I don’t know if she hears me. But she lifts the blade of her hand. She closes her eyes.
*
Ten thousand years after us and Shakespearean tragedy and the last Greek lover’s constellation, a net of spikes stands above a stark and barren earth. Underneath the mound, encased in basalt, barbed wire, and black-dyed concrete are millions of tonnes of barely-degrading, highly radioactive nuclear waste. We have already started generating it. It will not go away in a thousand lifetimes.

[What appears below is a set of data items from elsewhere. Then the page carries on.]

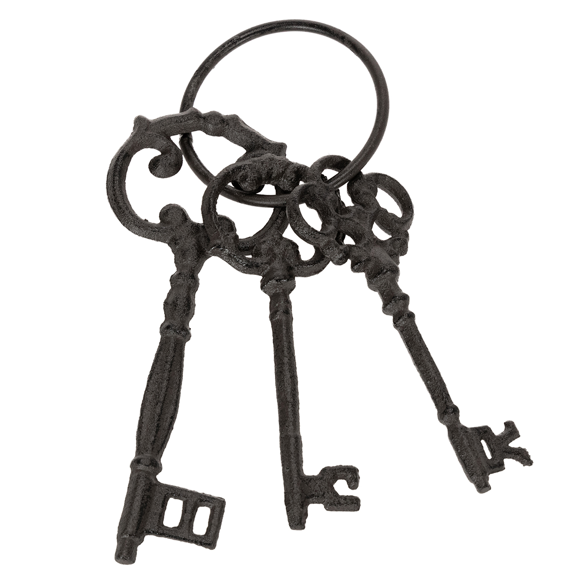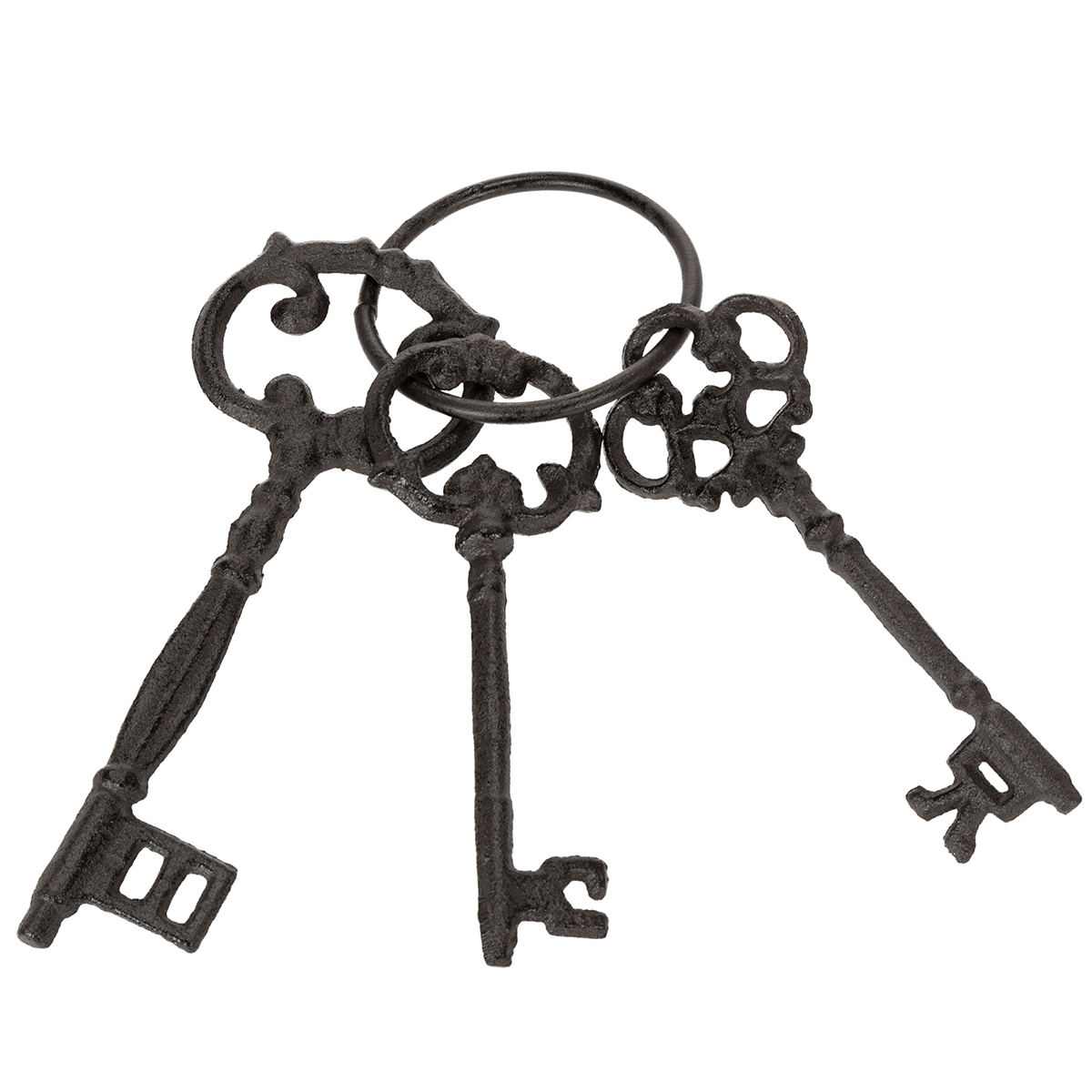 - Muotoilu: kolme erilaista antiikkimallia muistuttavaa avainta, kiinnitettynä renkaaseen
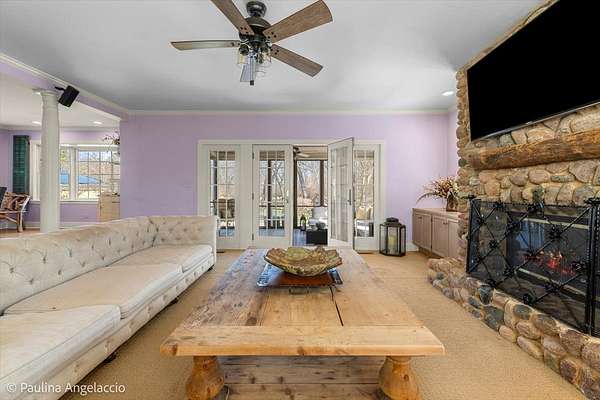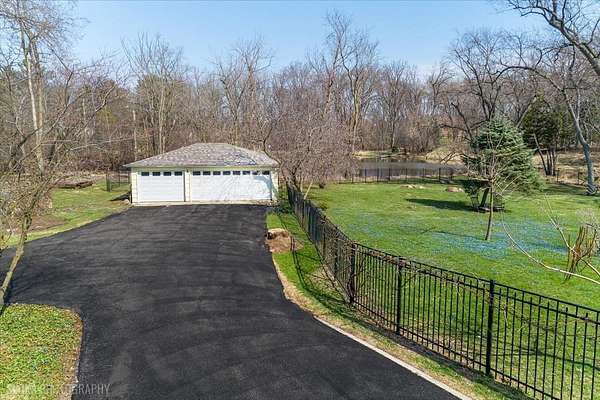 Storybook charm meets modern comfort in this beautifully reimagined country farmhouse, where timeless character and an unexpectedly expansive floor plan come together in perfect harmony. A brand-new roof (March 2026) adds peace of mind, while classic details including arched doorways, rich millwork, and gleaming hardwood floors create warmth and authenticity throughout. Set on over 4 picturesque acres with a tranquil pond, the property offers a serene, pastoral setting just minutes from Barrington Village shopping, dining, Metra access, and award-winning D220 schools. A circular drive and inviting paver walkway set the tone for what awaits inside. The welcoming interior unfolds with graceful arched openings, a charming coat room, and a spacious living room anchored by a painted brick fireplace and custom built-ins. The adjoining dining room features two delightful corner cabinets, butler's pantry access, and French doors that open to a light filled sunroom, perfect for effortless entertaining. With three sets of sliders leading to blooming gardens, the sunroom brings the outdoors in. At the heart of the home, the thoughtfully designed kitchen blends rustic elegance with modern function, featuring leathered granite countertops, a butcher block island, breakfast bar, and high-end appliances. It flows seamlessly into the breakfast area and inviting family room, where a stone fireplace and double French doors open to a screened porch, ideal for relaxed indoor-outdoor living. Enjoy peaceful mornings overlooking the pond or cozy evenings under the stars on the paver patio gathered around the built-in firepit. The main level also offers a mudroom, powder room, and both front and rear staircases for added convenience. Upstairs, the primary suite is a true retreat with a vaulted, beamed ceiling, skylit walk-in closet, dressing room, and a beautifully appointed ensuite bath. Two additional spacious bedrooms, a full bath, and a conveniently located laundry room complete the second level. Two basements provide exceptional flexibility, including a finished recreation room with full bath, plus a separate utility and storage area with second laundry and exterior access. Outdoors, the fenced yard is perfect for pets, while a three-car garage and shed add functionality. The expansive grounds offer endless possibilities for gardening, horses, recreation, or hobby pursuits. A rare blend of charm, space, and setting, this enchanting farmhouse invites you to slow down, settle in, and fall in love.
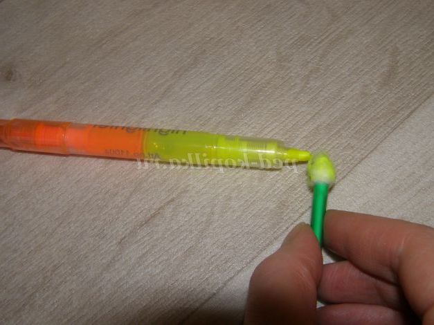 Білий колір ватної палички закрасимо видільником тексту жовтого кольору
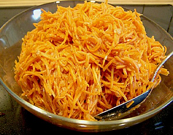 Kommentar : Die beiden Salate waren scharf. Für Kinder zu scharf. Aber die Erwachsenen haben die scharfen Salate sehr gerne gegessen und waren über die Würze positiv überrascht.
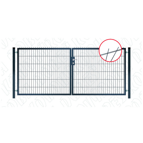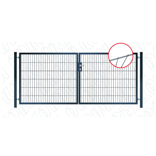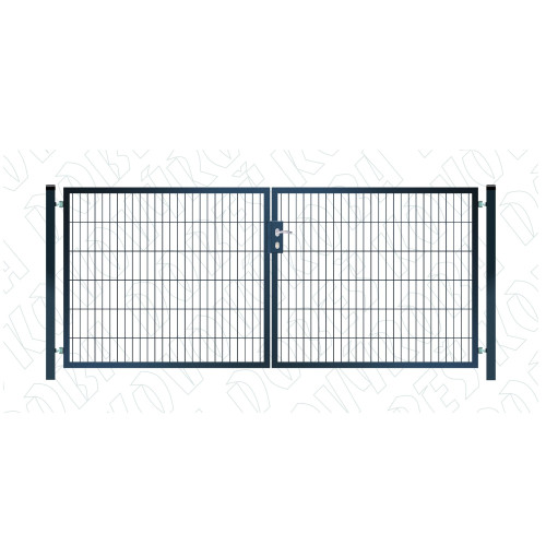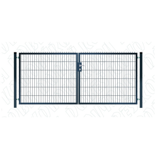 Jeklová brána dvoukřídlá šíře 3000 mm s výplní vevařeným panelem 2D v antracitové barvě. Možnost výběru jiné barvy dle stupnice RAL za příplatek 10 – 15 % k základní ceně. Foto ilustrační.

How do you warn a civilization inconceivably far down the line of a monster that will outlive you by orders of magnitude? Per the proposal of researchers, you do it with a dozen granite signs barring entry to the storage heap. A warning is etched in seven languages, cautioning against seeking further, against the poison, against painful liquid death. Most of the lines are simple and sensible. Some are stranger. THIS PLACE IS NOT A PLACE OF HONOR, one reads jaggedly. NO HIGHLY ESTEEMED DEED IS COMMEMORATED HERE. NOTHING VALUED IS HERE. It warns, and it warns, and it warns. It tells you about the monster buried deep beneath the soil of living things and minds and breath.
THE DANGER IS UNLEASHED ONLY IF YOU SUBSTANTIALLY DISTURB THIS PLACE PHYSICALLY, it concludes. Her hand is shaking. She can’t do it. THIS PLACE IS BEST SHUNNED AND LEFT UNINHABITED.
*
There are endless universes. One where we stay together. One where we break up, but choose to remain friends. One where I don’t ruin things on purpose. One where she hits me.
This is none of them. Sunlight breaks over the sill, a rotten egg yolk, veiny white and black. The floor under my head is hard. She’s sniffling, braiding the carpet tassels, unsure of what to say. I think if I close my eyes now, I might sleep forever.
Some spots in Chernobyl will be dangerous for as long as we know their names. So radioactive that nothing but millennia can soothe the rage away. And some spots have already grown flowers. Proud, greenish yellow things, absent of human culling, venturing on past the end of the final act. They extend freely. They do not know pain, or happiness, or the estranged definition of eternity. They pay no attention to their place in the theater. They ignore the spotlight going out. What would they do, even if they cared, even if it mattered? The curtains have closed. The audience is silent. The blankets are cold.